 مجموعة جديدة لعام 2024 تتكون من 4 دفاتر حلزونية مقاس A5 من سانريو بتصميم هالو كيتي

* * *

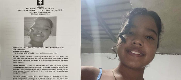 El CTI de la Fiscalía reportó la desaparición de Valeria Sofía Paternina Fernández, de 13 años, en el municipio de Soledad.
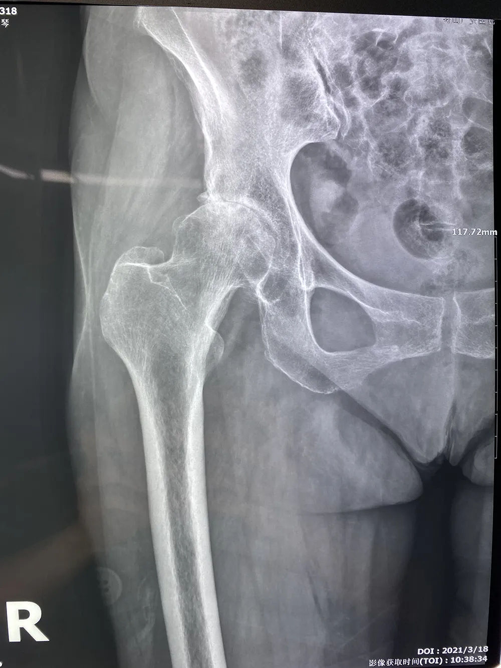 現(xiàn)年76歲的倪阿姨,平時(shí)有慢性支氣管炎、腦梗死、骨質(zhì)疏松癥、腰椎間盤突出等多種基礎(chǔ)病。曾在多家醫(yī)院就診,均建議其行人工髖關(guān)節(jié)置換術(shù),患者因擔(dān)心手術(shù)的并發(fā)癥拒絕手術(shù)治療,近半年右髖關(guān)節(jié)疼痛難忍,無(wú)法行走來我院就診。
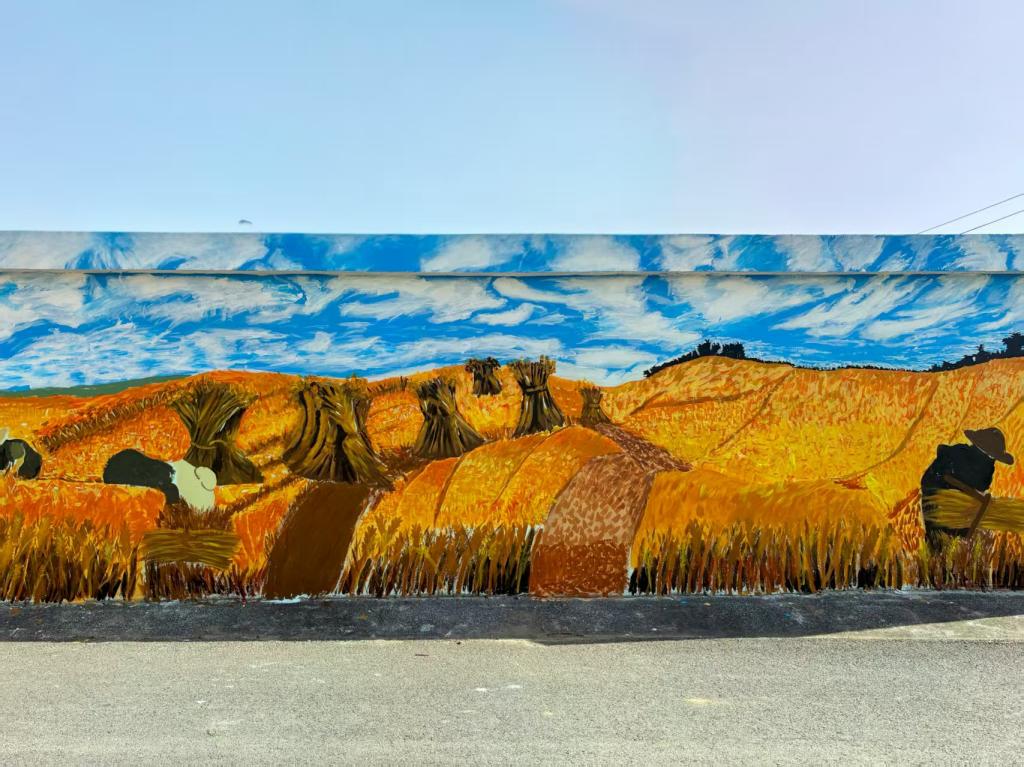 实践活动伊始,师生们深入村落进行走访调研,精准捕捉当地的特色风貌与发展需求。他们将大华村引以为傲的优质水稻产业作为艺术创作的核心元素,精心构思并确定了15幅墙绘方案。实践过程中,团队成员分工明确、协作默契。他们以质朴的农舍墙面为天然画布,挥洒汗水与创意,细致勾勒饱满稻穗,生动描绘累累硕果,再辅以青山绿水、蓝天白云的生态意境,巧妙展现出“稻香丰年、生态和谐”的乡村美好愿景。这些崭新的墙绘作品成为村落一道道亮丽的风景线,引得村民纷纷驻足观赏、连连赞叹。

WORK TO BE COMPLETED:
Above are the records; restate exactly the lines from the one containing "El CTI de la" through the one containing "实践活动伊始,师生们深入村落", keeping pictures out.

RESPONSE TO THE EXERCISE:
 El CTI de la Fiscalía reportó la desaparición de Valeria Sofía Paternina Fernández, de 13 años, en el municipio de Soledad.
 現(xiàn)年76歲的倪阿姨,平時(shí)有慢性支氣管炎、腦梗死、骨質(zhì)疏松癥、腰椎間盤突出等多種基礎(chǔ)病。曾在多家醫(yī)院就診,均建議其行人工髖關(guān)節(jié)置換術(shù),患者因擔(dān)心手術(shù)的并發(fā)癥拒絕手術(shù)治療,近半年右髖關(guān)節(jié)疼痛難忍,無(wú)法行走來我院就診。
 实践活动伊始,师生们深入村落进行走访调研,精准捕捉当地的特色风貌与发展需求。他们将大华村引以为傲的优质水稻产业作为艺术创作的核心元素,精心构思并确定了15幅墙绘方案。实践过程中,团队成员分工明确、协作默契。他们以质朴的农舍墙面为天然画布,挥洒汗水与创意,细致勾勒饱满稻穗,生动描绘累累硕果,再辅以青山绿水、蓝天白云的生态意境,巧妙展现出“稻香丰年、生态和谐”的乡村美好愿景。这些崭新的墙绘作品成为村落一道道亮丽的风景线,引得村民纷纷驻足观赏、连连赞叹。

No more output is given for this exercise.